### [What you will do]
The answer must consist solely of the lines from the one containing "Ce papier d'emballage" through the last line of the records, set down exactly and without any pictures.

Segment Open

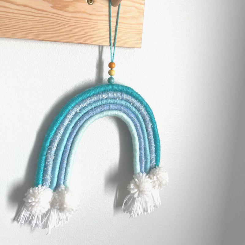 Underbar väggdekoration i form av en regnbåge. Häng den ovanför sängen eller var du vill för att skapa en drömvärld i ditt barns rum. Mått: 17 x 17 cmMaterial: 100% polyester
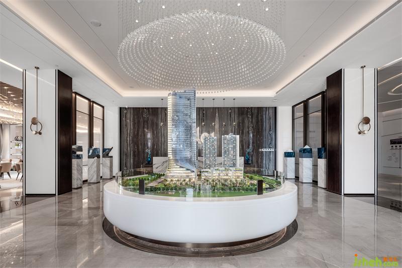 以水之和聚天地靈韻——國(guó)學(xué)五行之道的“水育萬(wàn)物,水孕聚財(cái)”為迎賓展示區(qū)的設(shè)計(jì)主題。沙盤(pán)底似白玉聚寶盆,剔透水滴形小燈珠匯聚而成的弧面水晶燈飾,猶如甘霖天降,匯入白璧無(wú)瑕的聚寶盆中,滋養(yǎng)著這片富貴天成的風(fēng)水寶地。
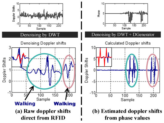 Compared with using the Doppler shifts received by the reader, the method using the Doppler shifts calculated by the phase profile can remove the influence of static multipath, and it can also get cleaner Doppler shifts values. As shown in Figure 2, we can easily know that the matching degree of the Doppler shifts calculated by the phase profile is higher. Once we extract the clean phase values, we utilize the phase offset () and time duration () to get the Doppler values () with Equation (2).
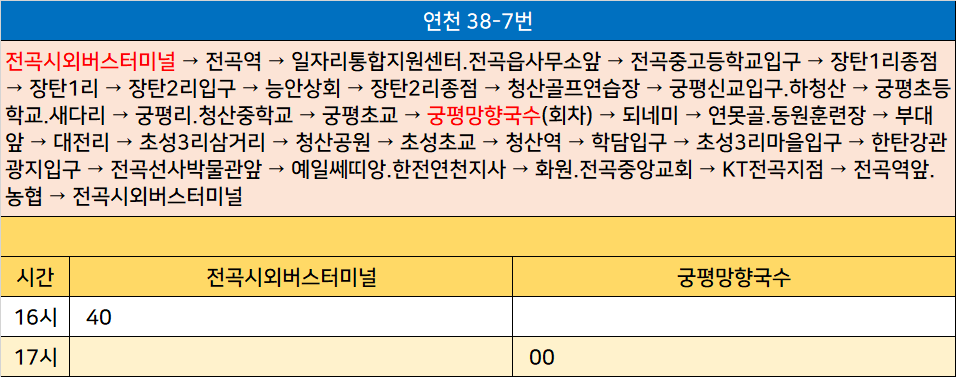 연천 38-7번: 전곡시외버스터미널 → 전곡역 → 일자리통합지원센터.전곡읍사무소앞 → 전곡중고등학교입구 → 장탄1리종점 → 장탄1리 → 장탄2리입구 → 능안상회 → 장탄2리종점 → 청산골프연습장 → 궁평신교입구.하청산 → 궁평초등학교.새다리 → 궁평리.청산중학교 → 궁평초교 → 궁평망향국수(회차) → 되네미 → 연못골.동원훈련장 → 부대앞 → 대전리 → 초성3리삼거리 → 청산공원 → 초성초교 → 청산역 → 학담입구 → 초성3리마을입구 → 한탄강관광지입구 → 전곡선사박물관앞 → 예일쎄띠앙.한전연천지사 → 화원.전곡중앙교회 → KT전곡지점 → 전곡역앞.농협 → 전곡시외버스터미널
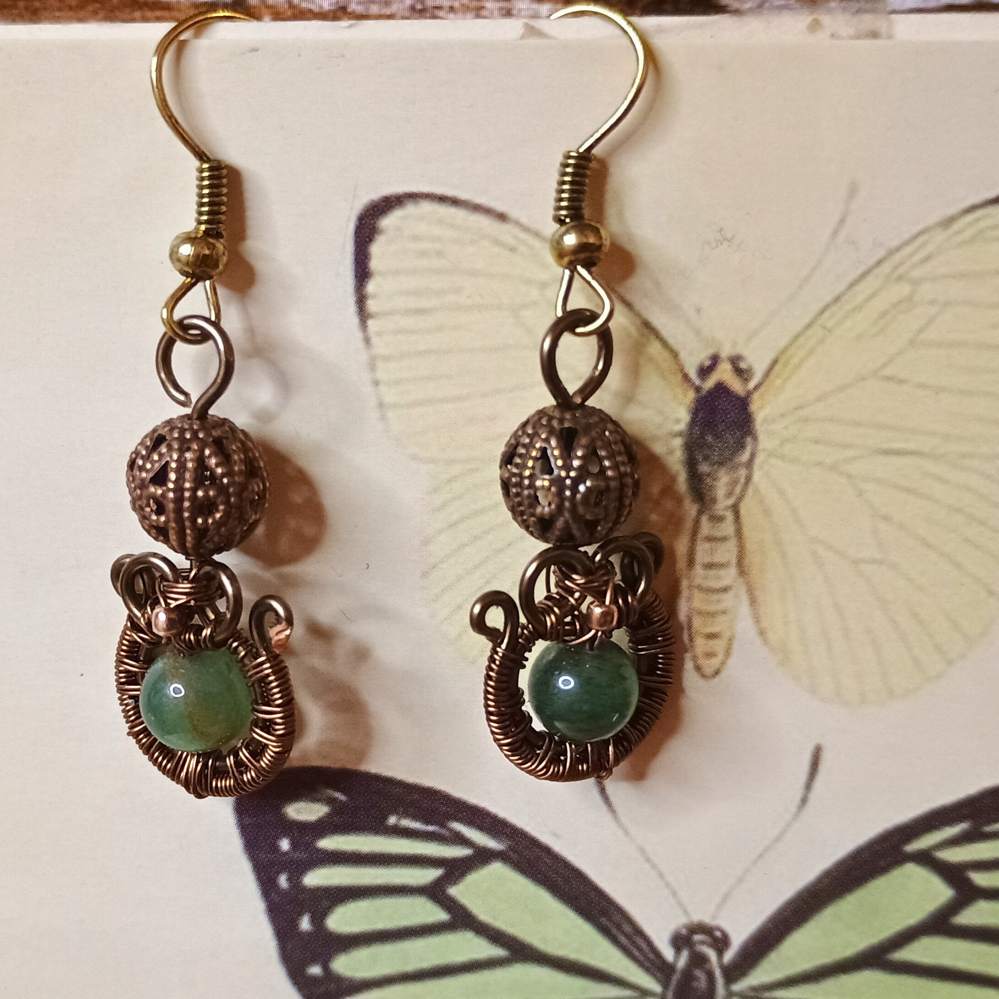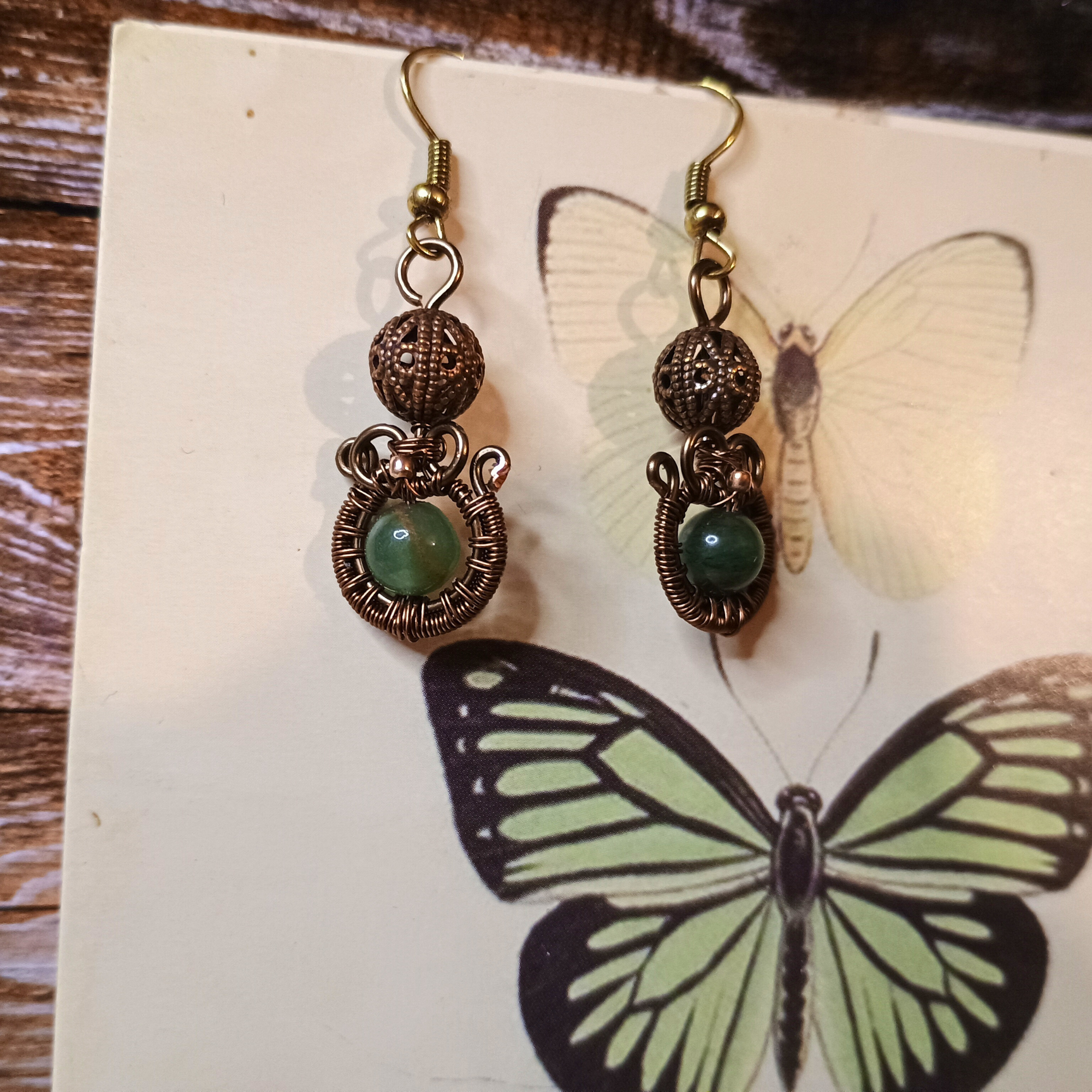 Boucles d’oreilles wire-wrapping cuivre couleur bronze et perles d’aventurine verte
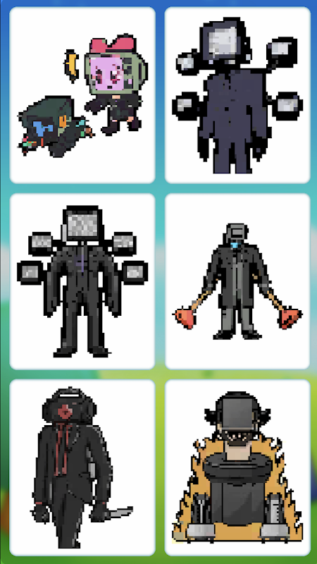 स्किबिडी टॉयलेट और कैमरामैन को रंगना - पिक्सेल कला और रंग भरने वाली किताब
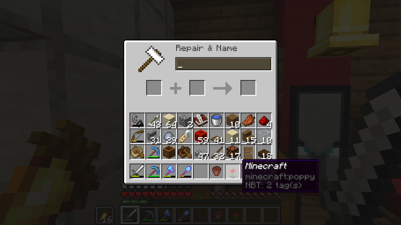 3) Break the flower pot and the renamed poppy (Minecraft) will change its name from Minecraft back to poppy.
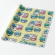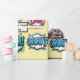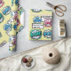 Ce papier d'emballage cadeau personnalisé présente un thème de bande dessinée coloré sur fond jaune. Les mots et les phrases d'action des bandes dessinées populaires tels que "Oh, Snap!" "OMG!" "BOOM!" et "WOW!" sont placés autour des bords dans des bulles de dialogue. Un exemple de message "Joyeux Anniversaire" est imprimé à l'intérieur d'une zone de texte suivie d'un nom d'exemple. Vous pouvez personnaliser le papier d'emballage pour inclure votre propre nom personnalisé ou autre texte. Un autre message est imprimé dans une zone de texte sur le côté. C'est parfait pour une douche de mariée, une fête d'anniversaire ou une autre célébration excitante.
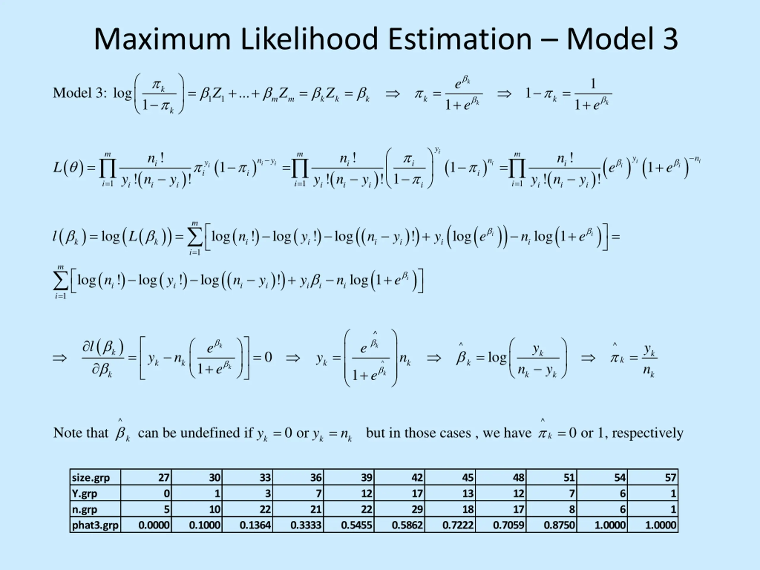 Maximum Likelihood Estimation Model 3 = 1 e e + k + + = = = = Model 3: log ... 1 k Z Z Z 1 1 m m k k k k k + 1 1 1 e k k k y i ! ! ! m m m n n n n n n )( ! ) ( ) y n ( ) ( ) ( ) n y n = = = + y i i 1 1 1 i i i i L e e i i i i i i ( ) ( ) ( i i i ! ! ! ! 1 ! y y y y y y = = = 1 1 1 i i i i i i i i i i i i i ( ) m ( ) ( ) ( ) ( ) ( ) ( ) ( ) ( ) ( ) = = + + = log log ! log ! log ! log log 1 l L n y n y y e n e i i k k i i i i i i = 1 i m ( ) ( ) ( ) ( ) ( ) + + log ! log ! log ! log 1 n y n y y n e i i i i i i i i = 1 i ^ ( ) l y y n e + e ^ ^ k k = = = = = k 0 log k k y n y n k k k k k k ^ 1 e n y k + 1 e k k k k k ^ ^ = = = Note that can be und efined if 0 or but in those cases , we have 0 or 1, respectively y y n k k k k k size.grp Y.grp n.grp phat3.grp 27 0 5 30 1 10 33 3 22 36 7 21 39 12 22 42 17 29 45 13 18 48 12 17 51 7 8 54 6 6 57 1 1 0.0000 0.1000 0.1364 0.3333 0.5455 0.5862 0.7222 0.7059 0.8750 1.0000 1.0000

Segment Closed

### [Result below]
 Ce papier d'emballage cadeau personnalisé présente un thème de bande dessinée coloré sur fond jaune. Les mots et les phrases d'action des bandes dessinées populaires tels que "Oh, Snap!" "OMG!" "BOOM!" et "WOW!" sont placés autour des bords dans des bulles de dialogue. Un exemple de message "Joyeux Anniversaire" est imprimé à l'intérieur d'une zone de texte suivie d'un nom d'exemple. Vous pouvez personnaliser le papier d'emballage pour inclure votre propre nom personnalisé ou autre texte. Un autre message est imprimé dans une zone de texte sur le côté. C'est parfait pour une douche de mariée, une fête d'anniversaire ou une autre célébration excitante.
 Maximum Likelihood Estimation Model 3 = 1 e e + k + + = = = = Model 3: log ... 1 k Z Z Z 1 1 m m k k k k k + 1 1 1 e k k k y i ! ! ! m m m n n n n n n )( ! ) ( ) y n ( ) ( ) ( ) n y n = = = + y i i 1 1 1 i i i i L e e i i i i i i ( ) ( ) ( i i i ! ! ! ! 1 ! y y y y y y = = = 1 1 1 i i i i i i i i i i i i i ( ) m ( ) ( ) ( ) ( ) ( ) ( ) ( ) ( ) ( ) = = + + = log log ! log ! log ! log log 1 l L n y n y y e n e i i k k i i i i i i = 1 i m ( ) ( ) ( ) ( ) ( ) + + log ! log ! log ! log 1 n y n y y n e i i i i i i i i = 1 i ^ ( ) l y y n e + e ^ ^ k k = = = = = k 0 log k k y n y n k k k k k k ^ 1 e n y k + 1 e k k k k k ^ ^ = = = Note that can be und efined if 0 or but in those cases , we have 0 or 1, respectively y y n k k k k k size.grp Y.grp n.grp phat3.grp 27 0 5 30 1 10 33 3 22 36 7 21 39 12 22 42 17 29 45 13 18 48 12 17 51 7 8 54 6 6 57 1 1 0.0000 0.1000 0.1364 0.3333 0.5455 0.5862 0.7222 0.7059 0.8750 1.0000 1.0000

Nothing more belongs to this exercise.